Friday, September 28, 2012

Crazy Wisdom - THIS Buddhist Film Festival

Very perspective and mind provoking especially to those that deem themselves righteous. haha! Its a biography about the late Chogyam Trungpa Rinpoche. According to the synposis , he is called the greatest spiritual leader as well as the bad boy of buddhism. I am sure he can't be bothered over this two title.

I would not repeat the content of the film but just my own after-thoughts. He drinks, smoke, and have a wife. People see it as Rinpoche trying to humble himself to get close to his western students. Some might just heuristically labels him as monk gone astray with full of self-justification. I see him as a living Bodhisattva. To me, I feel that he is trying to remind others not to get fixed to conventions in all his intention or this is just how liberating is for a mind of a enlightened being.

There is no mention that he goes any ways to correct someone but rather pointing out that their habits (be it good or bad) are not fixed but just another phenomena of impermanence. People who are not successful in changing their bad old habits are due to seeing their old ways hard to change. So Rinpoche does not resort to long brainwashing sermons to teach the hippies.

To see his practice upon reflection of Buddhism practice, we are always easy victims of our grasping mind. Very often, once we gain a new concept that breaks our old ways, this new concept is the new attachment. We are just like walking on quicksand. Going full force to drag one leg out resulting in sinking of another leg. Buddha is his teachings, his main ideology is change, impermanence as well as non-attachment. And so, should we get ourselves fixated to certain rituals or practice. I personally don't see it as alignment to the path. Not to say the rituals or practice are wrong but seek the true meaning of the practice after shelling away the forms is more important.

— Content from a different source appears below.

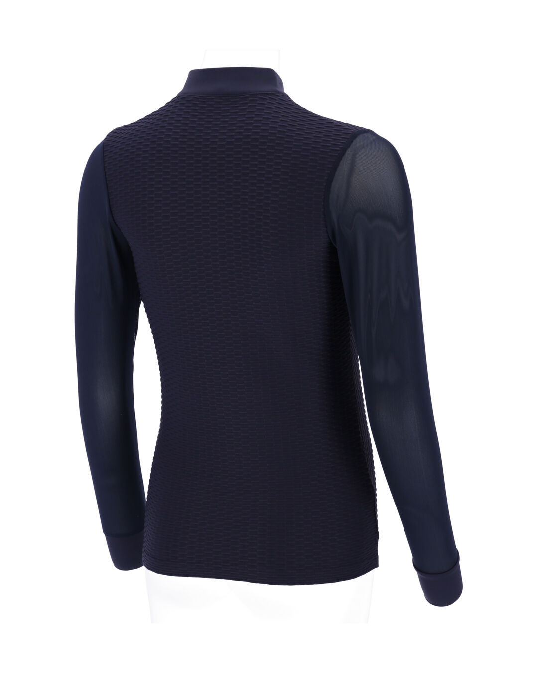Das hochwertige, strukturierte Material sorgt für ein angenehmes Tragegefühl, während die transparente Mesh-Einsätze an den Ärmeln für verbesserte Luftzirkulation und einen modernen Look sorgen. Die 1/1 Ärmel mit Manschette verleihen dem Shirt eine elegante Note und garantieren eine stilvolle Passform.

"This world can not be saved by religion alone" as mentioned by Rinpoche can be translated as "This world can not be saved by Buddhism alone" if I boldly dares to quote him. When we are fixed to the notion of even  Buddhism, we risk evoking our 'self-ego' as well as those that agrees and don't agrees with you. This world doesn't need another title or status to divide the world more. We seek to be a liberating Buddhist and not a 'Attached Buddhist'.

Buddhism is about compassion and kindness. And its not a patented characteristic of Buddhism. As mentioned in the Sutra, Buddha land has no distinction and that could only be done by smashing down the walls of religion and acknowledging that everyone of us seeks peace and are fundamentally the same. Only than can Samsara gets transformed.

So why are we a Buddhist? Is it by what and how we do our practice?